Any schoolchild knows that a whale breathes through its blowhole. Fewer know that a blowhole is a nostril (鼻孔) slightly changed by evolution into a form more useful for a mammal that spends its life at sea. And only a dedicated expert would know that while toothed whales, such as sperm whales, have one hole, baleen (鲸须) whales, such as humpback and Rice whales, have two. 

Even among the baleen whales, the placing of those nostrils differs. In some species they are close together. In others, they are much further apart. In a paper published in Biology Letters Conor Ryan, a marine biologist at the Scottish Association for Marine Science, suggests why that might be. Having two nostrils, he argues, helps whales smell in stereo (立体空间). 

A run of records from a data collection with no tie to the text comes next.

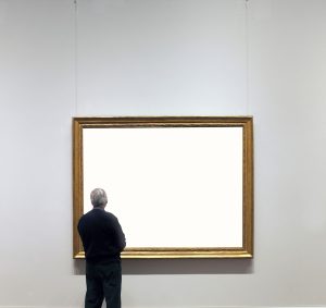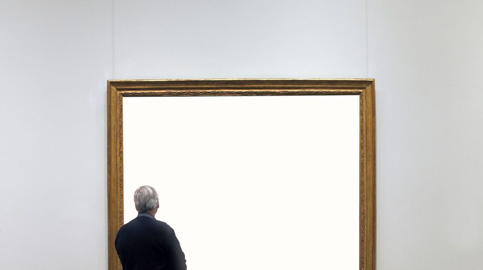 Rear view of man standing in art gallery, looking at empty gilded frame.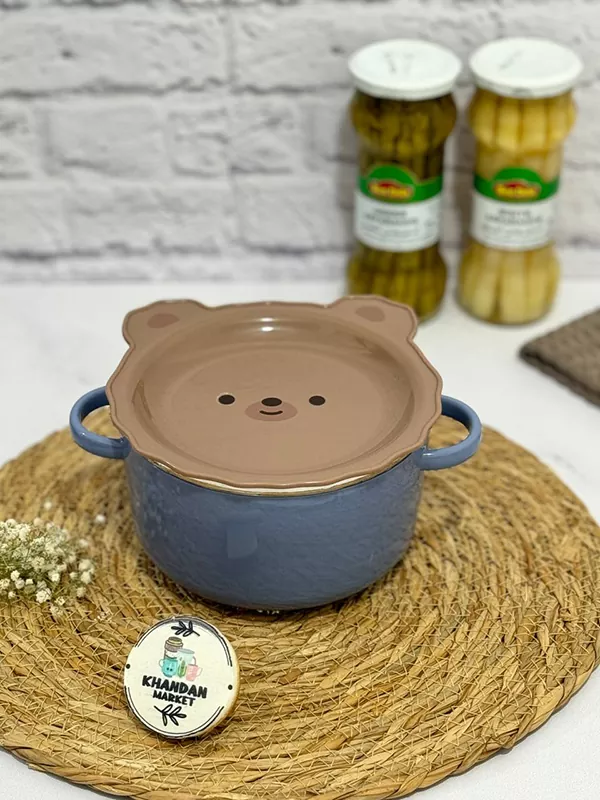 ظرف غذا استیل دوجداره طرح تدی دسته دار دو جداره جداره داخلی استیل دو رنگ( کاسه قهوه ای ،کاسه آبی) قطر دهانه ظرف ۱۵.۵ سانت حجم یک لیتر دور در واشردار از درب به عنوان بشقاب هم می توان استفاده کرد. مناسب برای نگهداری غذا در یخچال وارداتی(چین)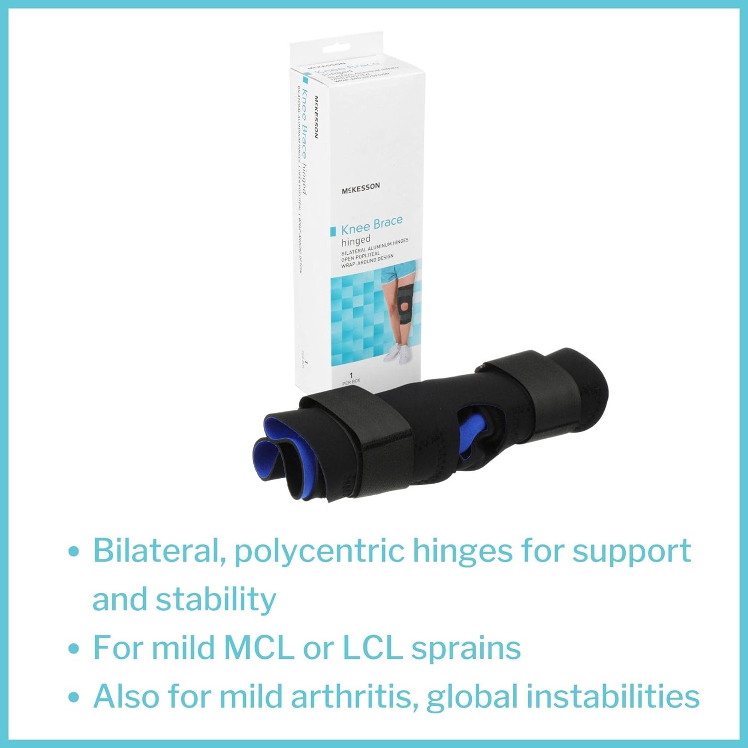 Protect the knee following injury or surgery with this McKesson hinged knee braceDesigned for mild MCL and/or LCL sprains, mild arthritis, post arthroscopic meniscectomy, and mild global instabilitiesHinges on this knee brace give it additional support and stability; adjustable straps with D-rings offer a secure fitWith an elastic wrap-around design and neoprene padding, users experience a firm, satisfying fit while also receiving compression for swellingSize 2XL: Has a circumference of 25.5 to 28 inches
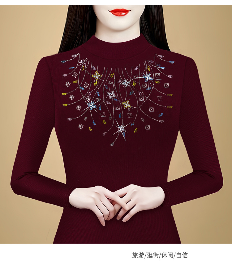 KQL C20N179洋气修身显瘦打底衫半高领上衣气质纯色

Many types of baleen whales eat tiny animals known as zooplankton (浮游动物), which they catch by filtering (过滤) them from seawater using the sheets of fibrous baleen that have replaced teeth in their mouths. But to eat something you first have to find it. Toothed whales do not hunt by scent. In fact, the olfactory bulb-the part of the brain that processes smell-is absent in such creatures. But baleen whales still have olfactory bulbs, which suggests smell remains important. And scent can indeed give zooplankton away. Zooplankton like to eat other tiny creatures called phytoplankton (浮游植物). When these are under attack, they release a special gas called dimethyl sulphide, which in turn attracts baleen whales. 

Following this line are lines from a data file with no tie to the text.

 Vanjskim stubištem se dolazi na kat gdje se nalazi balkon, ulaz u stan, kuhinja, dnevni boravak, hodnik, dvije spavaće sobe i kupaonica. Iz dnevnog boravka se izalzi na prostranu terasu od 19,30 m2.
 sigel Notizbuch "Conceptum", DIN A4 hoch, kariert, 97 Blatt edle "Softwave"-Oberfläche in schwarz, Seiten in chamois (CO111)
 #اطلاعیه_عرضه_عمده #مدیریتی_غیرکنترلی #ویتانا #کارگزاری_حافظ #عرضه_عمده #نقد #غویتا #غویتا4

Most animals have stereoscopic senses. Having two eyes, for instance, allows an animal to compare the images from each in order to perceive depth. Having two ears lets them locate the direction from which a sound is coming. Dr Ryan theorized that paired blowholes might bring baleen whales the same sorts of benefits. 

The farther apart the sensory organs are, the more information can be extracted by the animal that bears them. The researchers used drones to photograph the nostrils of 143 whales belonging to 14 different species. Sure enough, baleen whales that often eat zooplankton, such as the North Atlantic right whale, have nostrils that are farther apart than do those, such as humpback whales, that eat zooplankton occasionally. Besides allowing them to breathe, it seems that some whales use their blowholes to determine in which direction dinner lies.